The Imperial French/Burgundian/
whatever you may wanna call it culture would be one of the rather obvious results of a redefinition of culture, and it would be one that I would be pleased to see, yes

The difficult question here is how far we have the culture extend, and that depends on the exact general model of culture that we employ. We have two possibilities:
a) a strict legitimacy model, i.e. a separate culture is only given to separate political and legal entities (EDIT: or perhaps better, as Norrefeldt put it, areas with a separate political and legal culture). Under this model, the culture would only be justifiable as "Burgundian" culture for the Kingdom of Burgundy, which covers the EU2 provinces of Provence, Dauphiné, Savoie and Franche Comté. Lorraine and Luxembourg would have to be German then.

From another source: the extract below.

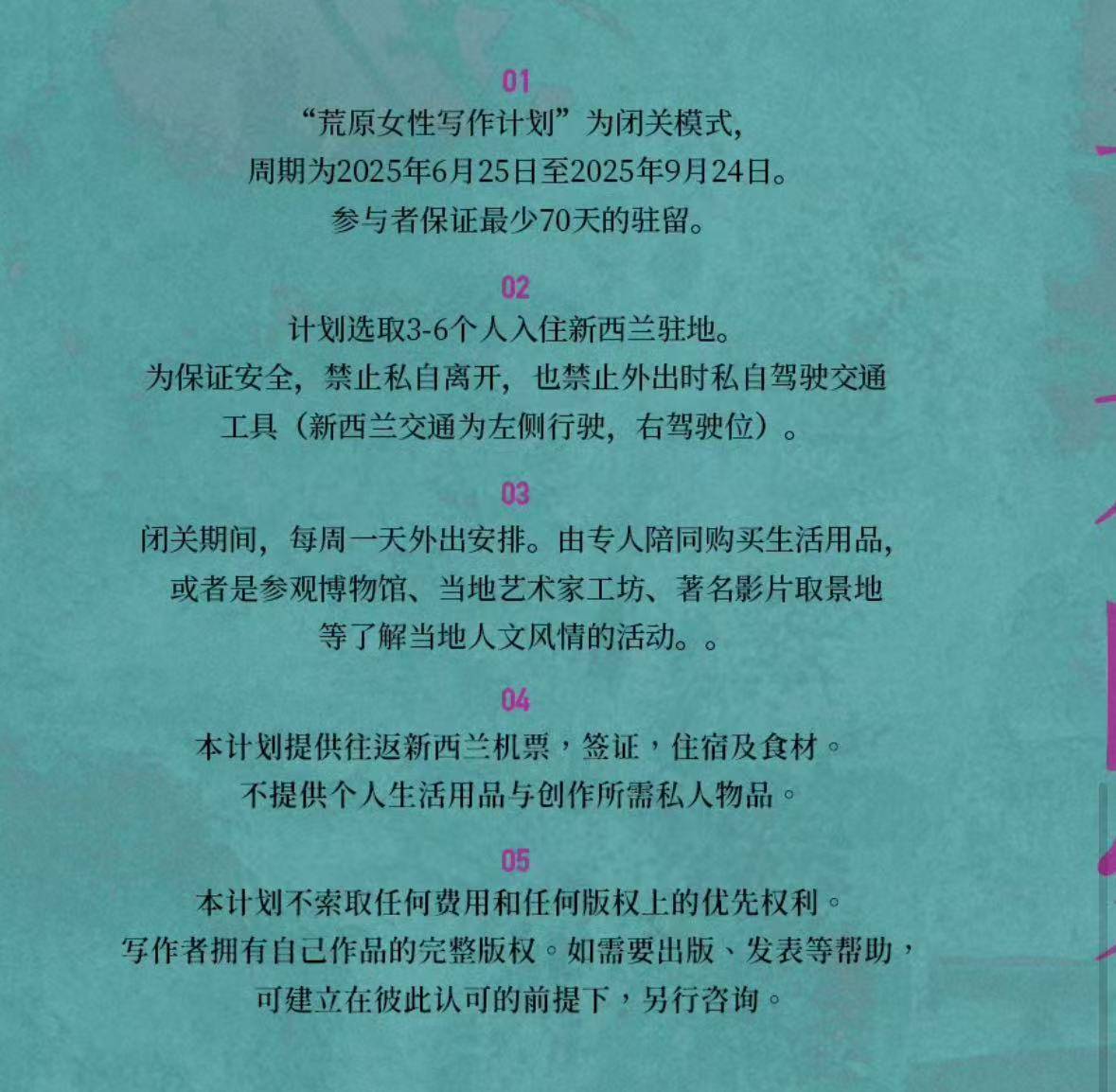 她在本年三月发起了“荒野女性写稿谋略”。这是一场为期三个月女性闭关写稿谋略,为女性提供一座位于新西兰的别墅看成写稿风光,导演本东谈主支付来去新西兰的机票签证餐食等用度,入选者则需要交5万东谈主民币的押金。

b) a combined model taking into account both legitimacy and language/ethnicity/"nationality" and distributing culture on a less general and more case-to-case base, depending on which of these factors was more important (in the sense of resulting in the ingame effects of culture) in a given area and on which setup is most desirable for game balance and the game flow. Here, we could construe an "Imperial French" culture for the provinces that had a majority of French-speakers, but were part of the HRE and used to imperial law
I'm inclined to prefer the second model actually, simply because I think it would be unwise to implement "ugly" cultural setups just for the sake of sticking to a fixed principle. The advantage of the "Imperial French" solution is that it would allow to make Luxembourg a state culture province for Burgundy and Spain as well, which will strengthen Burgundy and make the province worth keeping and fighting for for Spain.
The drawback of a combined model is of course a loss of clearness and consistency.